No - some vessels are carrying them (Shell were for a while) at the same level as 4/E, 3/O due to the sheer amount of paperwork these days. Sometimes it is a temporary thing


----------



## Andrew Craig-Bennett (Mar 13, 2007)

The return of the Captain's Writer, rather than the Purser, perhaps?

Actually, a very good idea, if owners and managers can be persuaded to fork over the dosh for the position.

I am very sure that I am not alone in groaning at the ever increasing paper work, one of the aspects of this that gets insufficient attention is the problem that the ship has with just filing the stuff.

The Purser's job, which has of course devolved upon the Master, is not so demanding as it was when there were Pursers in the victualling paying and storing and general crew well being side of things.

The R/O's job has been split into two parts - one part has gone to create the EL/O's job, which combines it with the Electrician's job, and the other part was the "Captain's Writer" aspect of being Sparks, which has landed back on the Master again.

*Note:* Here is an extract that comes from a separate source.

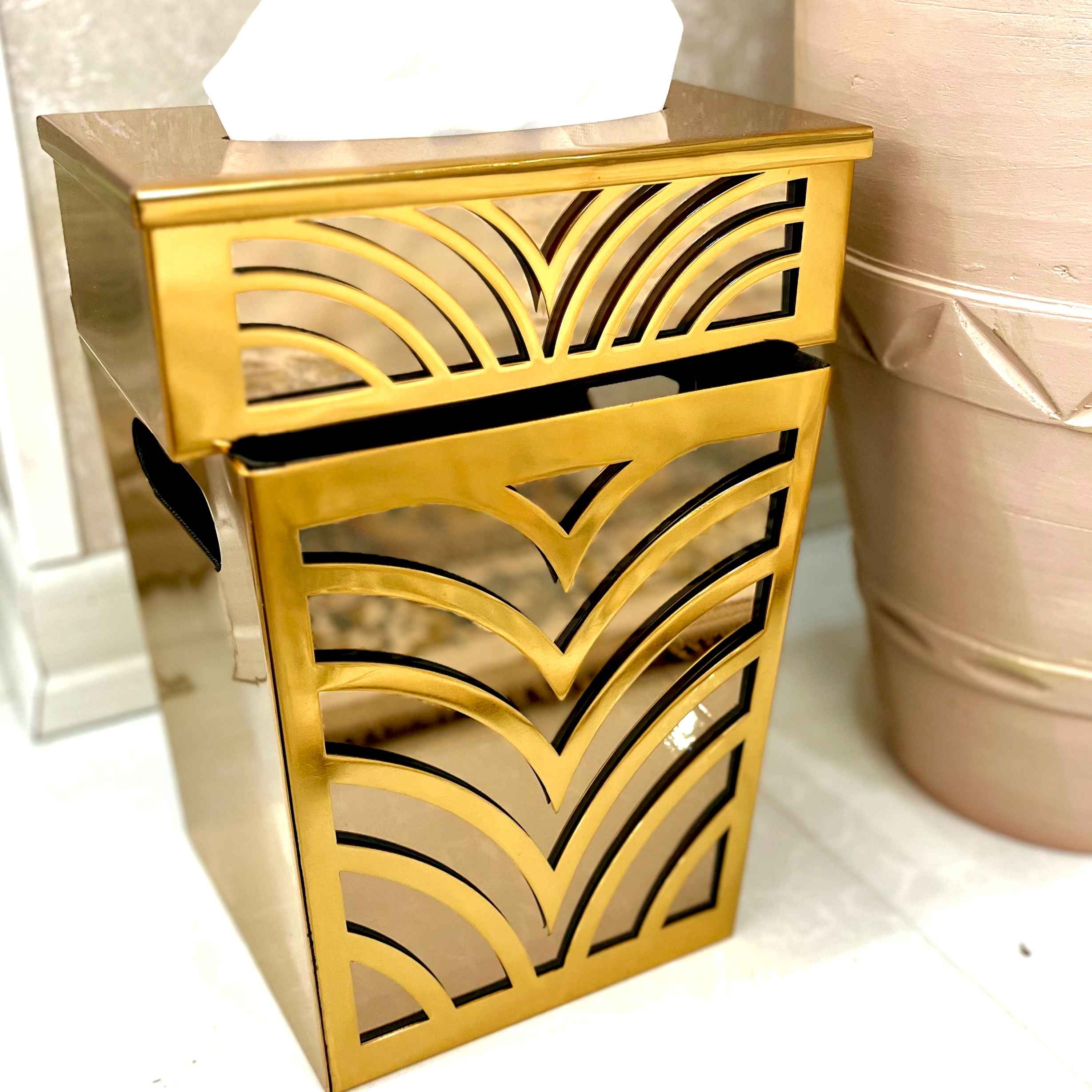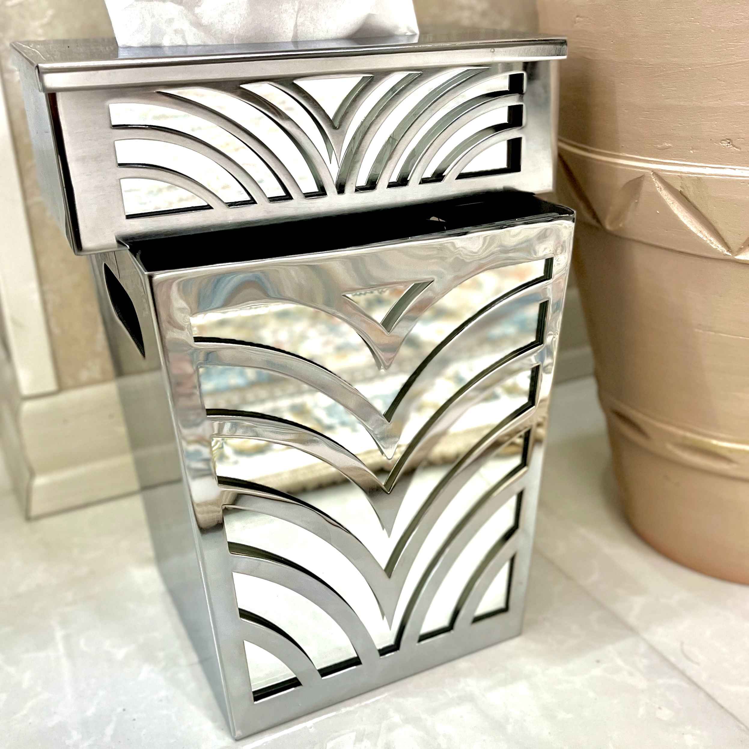 Introducing our practical Waste Basket with Tissue Cover set, expertly crafted from durable Metal & Mirror & Wood for a perfect blend of convenience and reliability. Designed to enhance your living spaces, this set offers a clean and harmonious look with its sleek waste basket, while the tissue cover adds a decorative element while keeping tissues organized. The Metal & Mirror & Wood material ensures longevity and easy maintenance, making it ideal for everyday use. The set boasts intricate patterns, bringing a touch of sophistication suitable for various home decor styles. Choose from a variety of designs and colors to effortlessly elevate your home decor and enjoy the convenience of a clutter-free living space. Transform your surroundings with this Metal & Mirror & Wood Waste Basket and Tissue Cover set – where practicality meets style.

I think that there is a need for taking the residual Purser's job and the residual Radio Officer's job and the Captain's Writer's job and combining them into the Administrative Officer's job.


----------



## chadburn (Jun 2, 2008)

Bearing in mind the amount of paperwork required these day's and the complaint's mentioned on this Site about the paperwork that has to be done and impact it has on the Navigational duties with reduced manning, (not taking a decent rest period due to paperwork) it seems like a good idea.


----------



## Burntisland Ship Yard (Aug 2, 2008)

Is this "ship board management" this was coming in on my last cruise on the Ghent, is hard copy paper work increasing now......just curious...


----------



## Ian Brown (Jun 25, 2008)

I can confirm that paperwork is now more than ever. It used to be 'The job's not finished until the paperwork is done' but now it's trying to squeeze the 'real' job into the gaps between doing the paperwork.
Ships preformance is largely measured on the state of the paperwork. I am always amazed that the actual cargo operations are usually completely ignored by our various inspectors who have their heads buried cross checking our paperwork against log entries etc.
Having been Master with Chief Stewards and R/Os I would welcome an Administration Officer but suspect the time it would take to train them and check their work would just add to my work load.


----------